Wednesday, November 11, 2015
Veterans Day Tribute Occurs in Sea of Flags
A sea of red, white and blue provided the backdrop for Veterans Day ceremonies in Utica, where American Legion-led tributes and wreath-laying took place at six monuments around the city – including in the middle of 1,000 tall American flags set up in neat rows along the Memorial Parkway to honor veterans.
In fact, the American Legion Family was out in force across the state Wednesday honoring veterans by participating in parades, wreath-laying ceremonies, and dedication of roads and walkways to veterans.
In Henrietta near Rochester, for example, Post 1151 dedicated a memorial walkway that a Boy Scout built as his Eagle project.
“To do this walkway for us, and lay the bricks and put it together, it goes to show you that young people are not forgetting what our veterans have done,” former Monroe County Executive Lucien Morin told WROC TV. Also celebrated at Wednesday’s event at the post was a new sign that will hang over a portion of Route 15A, the TV station reported. Area leaders are dedicating that portion of the highway to local veterans.
A contingent of the Legion Family – Legionnaires, the American Legion Auxiliary, the Sons of the American Legion and American Legion Riders – joined New York City’s America’s Parade, billed as the largest celebration of veterans in the country. Despite cold temperatures and occasional sprinkles, New York residents and visitors to the city lined the sidewalks of Fifth Avenue for the parade, cheering, waving U.S. flags and sometimes holding signs to thank veterans and members of the military marching in front of them. “I’ve always wanted to come down here,” said Department Commander James Yermas, who marched in the parade along with Department Adjutant James Casey and other Legion Family leaders and members. “…This just makes me feel so good on Veterans Day to see all this support for our veterans. The people do a good job here.”
“America’s Parade” featured more than 250 groups and 200,000 participants and received sponsorship from The American Legion. This year’s theme commemorated the 70th anniversary of the end of World War II and the 25th anniversary of Operation Desert Shield.
On Staten Island, holiday shoppers got the chance to learn what Veterans Day means at the Staten Island Mall Wednesday morning as Richmond County American Legion held its annual ceremony honoring veterans. Various speakers paid tribute to the legacies of U.S. military service members, both past and present, the Staten Island Advance reported. Tottenville American Legion Post 126 Commander Walt Osborn told the Advance how grateful he was for the annual event.
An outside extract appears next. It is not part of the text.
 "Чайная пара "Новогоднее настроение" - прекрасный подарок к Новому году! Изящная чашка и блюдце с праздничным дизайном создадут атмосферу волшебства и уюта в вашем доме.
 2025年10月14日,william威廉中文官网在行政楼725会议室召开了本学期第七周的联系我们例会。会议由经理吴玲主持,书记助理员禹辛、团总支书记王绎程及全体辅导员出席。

“People shopping in the mall will stop, and look over, and come to thank us for our service, which really means a lot to all of us.”
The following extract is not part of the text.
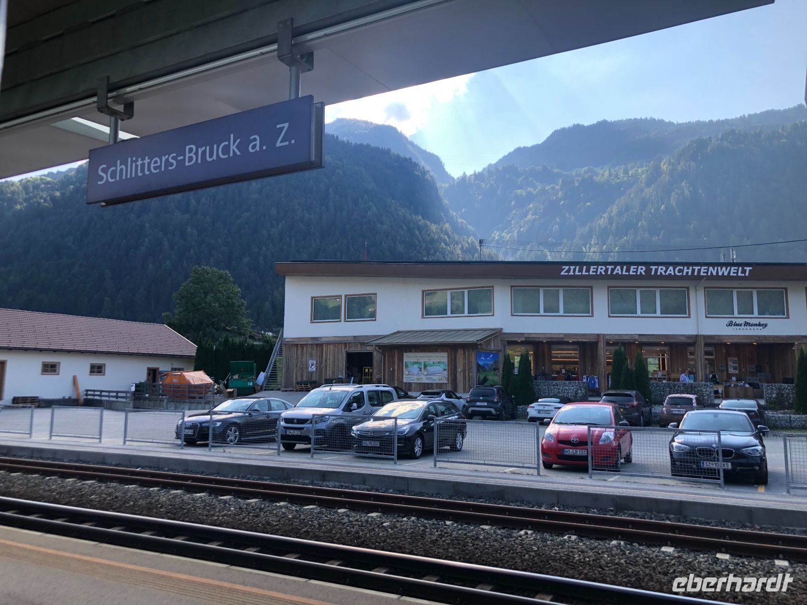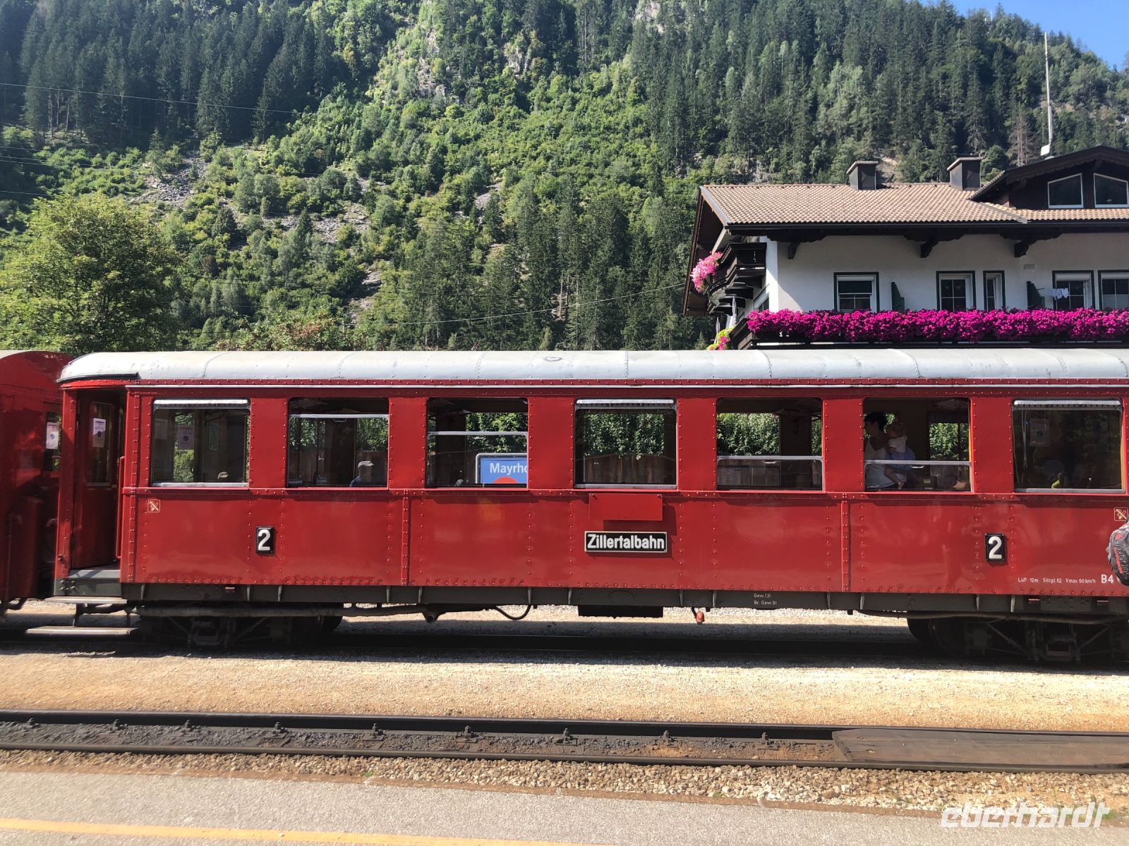 Am Nachmittag fahren wir mit der Zillertalbahn von Mayrhofen nach Jenbach. Eine alte Dampflok zieht zischend und fauchend die historischen Bahnwaggons über die Gleise. Der Zugführer hat Spaß daran, an jeder Station seine Zugpfeife zu bedienen. Nach eineinhalb Stunden erreichen wir Jenbach, wo uns Thomas mit dem Bus und frisch gekochtem Kaffee erwartet.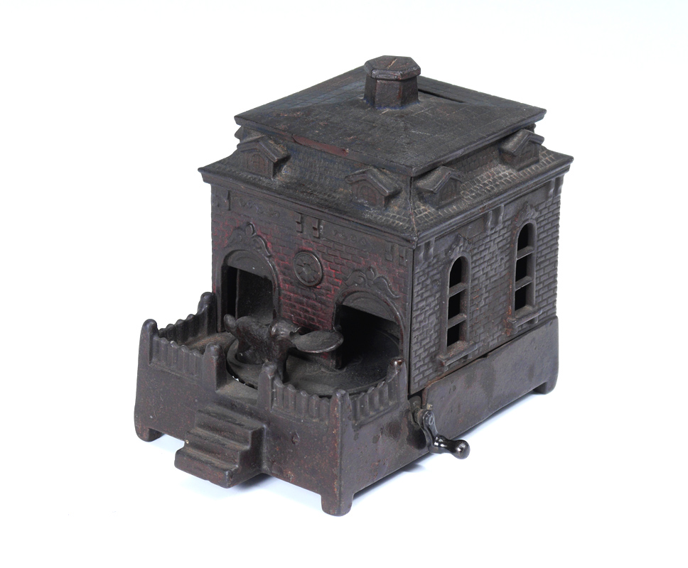 JUDD DOG ON TURNTABLE MECHANICAL BANK: Cast iron with a crank on the side, the dog on a turntable goes inside building to deposit coin. Late 19th century by Judd Mfg. Co., overall measures 4 3/4'' h. x 4'' x 5 1/2''.

At ceremonies in Corning, Korean War veteran Bill Crane laid a wreath at the base of the monument at Veterans Memorial Park as the Corning American Legion Color Guard presented the colors, the Corning Leader reported. Then Legion Post Commander Frank Edger spoke of the sacrifices that service members and their families make.
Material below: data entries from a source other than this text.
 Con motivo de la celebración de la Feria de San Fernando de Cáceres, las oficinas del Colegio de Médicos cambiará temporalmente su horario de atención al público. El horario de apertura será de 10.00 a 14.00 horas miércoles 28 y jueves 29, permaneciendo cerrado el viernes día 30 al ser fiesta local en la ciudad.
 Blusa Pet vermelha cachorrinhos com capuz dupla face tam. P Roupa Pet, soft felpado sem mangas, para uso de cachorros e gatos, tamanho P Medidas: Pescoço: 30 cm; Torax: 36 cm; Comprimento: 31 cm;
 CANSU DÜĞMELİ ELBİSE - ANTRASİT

Up north in Warrensburg, American Legion Post 446 Adjutant Gene Pierce expressed his frustration with politicians “paying lip service” and the VA bureaucracy in remarks at the annual Veterans Day service, the Lake George Examiner reported. “… I’ve about had it with the way veterans are treated.” The news outlet quoted Pierce: “We have now gotten to the point where (we) put the veteran back in the glass and break in case of emergency.” The Legion is one place where veterans can get help, he added.
Utica Post 229 Commander Chris Urban led the Utica ceremonies, noting at one point that veterans are set apart and share a bond because of the oath they took to defend America and even put themselves in harm’s way.
Then he quoted President Ronald Reagan’s 1982 radio address:
“In James Michener’s book, ‘The Bridges at Toko-Ri’, he writes of an officer waiting through the night for the return of planes to a carrier as dawn is coming on. And he asks, ‘Where do we find such men?’ Well, we find them where we’ve always found them. They are the product of the freest society man has ever known. They make a commitment to the military – make it freely, because the birthright we share as Americans is worth defending. God bless America.”
The 1,000 flags were a project of the Good News Foundation, the American Legion, and other organizations. The Good News Foundation used the flag project as a way to honor veterans and raise money for counseling services for veterans and their families.